In late February, Best Buy Co Inc BBY announced plans for a lease-to-own partnership with Progressive Leasing, a subsidiary of Aaron's, Inc. AAN.
The partnership could potentially add 2-5 percent to Best Buy’s sales over the next two to three years, according to KeyBanc Capital Markets.
The Analyst
KeyBanc Capital Markets’ Bradley Thomas maintains a Sector Weight rating on Best Buy.
The Thesis
The lease-to-own offer will be available at around two-thirds of Best Buy’s stores, and nearly all products in those stores will be eligible, Thomas said in a Tuesday note.
The consumer electronics retailer began with a pilot that was found to drive improved transactions and inspired more confidence in the Best Buy credit card, the analyst said. The Progressive Leasing partnership holds no credit risk for Best Buy, as the company will be paid full retail prices by Progressive, he said.

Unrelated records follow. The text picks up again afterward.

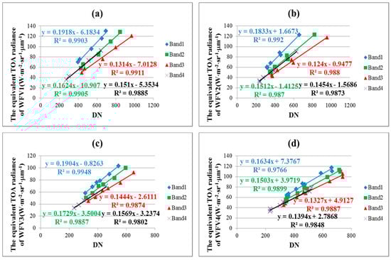 Each WFV camera calibrated by the cross-calibration method. (a) WFV1; (b) WFV2; (c) WFV3; (d) WFV4.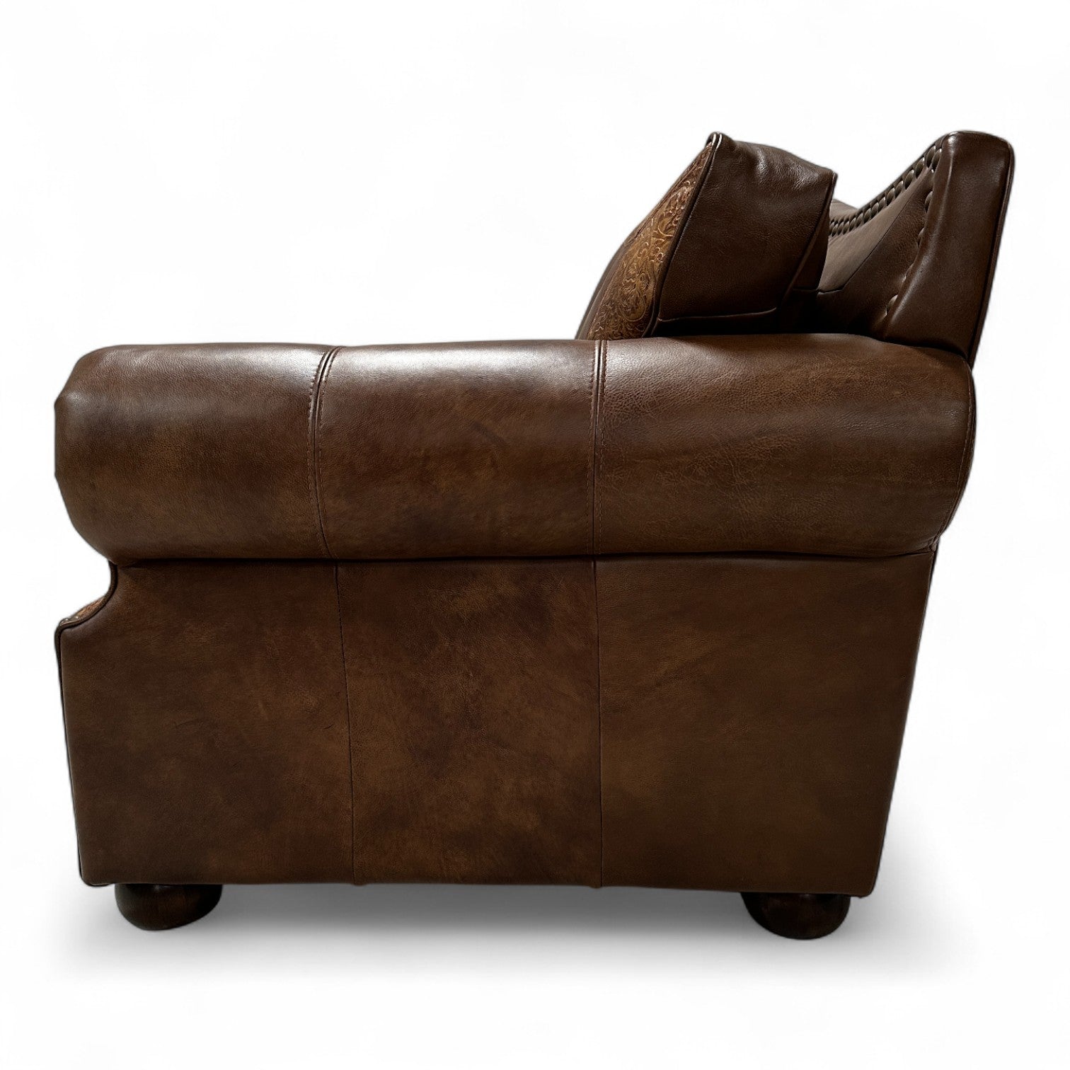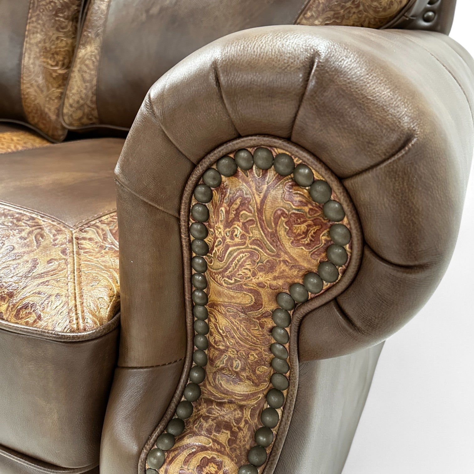 Designer tooled leather accents for added texture and contrast
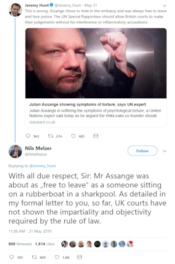 Professor Melzer is the United Nations Special Rapporteur on Torture. Professor Melzer is Swiss. He is an extremely distinguished lawyer and Professor of International Law at the University of Glasgow in addition to Professor of International Humanitarian Law at the Geneva Academy. He served 12 years as a Red Cross Delegate. There is no doubting either Professor Melzer’s expertise or his independence in this matter.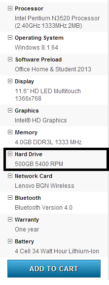 You'll notice that the system seems mostly compelling: a nice quad-core Pentium N3520, 4GB of RAM, and an 11.6-inch touchscreen. The fly in the proverbial ointment is the 500GB 5400-RPM hard disk drive. Contrary to popular belief, for everyday usage, the most dramatic impact on the PC experience doesn't come from the processor or the RAM, but from the storage subsystem. Indeed, solid-state drives make the system feel much faster. The trade-off is that the cost per gigabyte is much higher.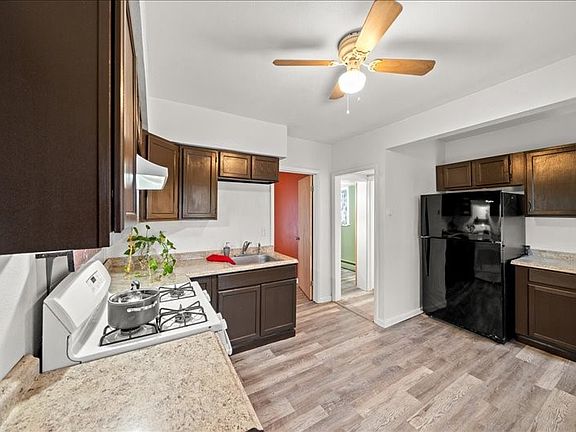 MOVE RIGHT IN, CHEAPER THAN RENT AND there is nothing for you to do!! FEATURES include: Brand new Vinyl flooring throughout, Newer Roof, Hot Water Heater and Boiler! Hot water baseboard heat. Freshly Painted! New surround sound bath with stylish new sink, light, and fixtures and stylish sliding hung door. Vinyl windows, newer driveway fitting 2 cars side by side. Ceiling fans, eat-in kitchen with pantry, refrigerator, gas stove, s/s sink. This charming house has a smaller manageable yard, walking distance to park, restaurants, and close to other shopping in area. This house will not last long!!

Progressive’s success at other retailers suggests the plan could boost Best Buy’s sales by 2-5 percent over the next two to three years, Thomas said.
“We estimate Progressive will contribute 50-100 bps this year to BBY comps, but see this as having upside potential depending on the pace of the rollout and success of in-store execution.”
Price Action
Best Buy shares were trading slightly higher at $68.39 at the time of publication Thursday.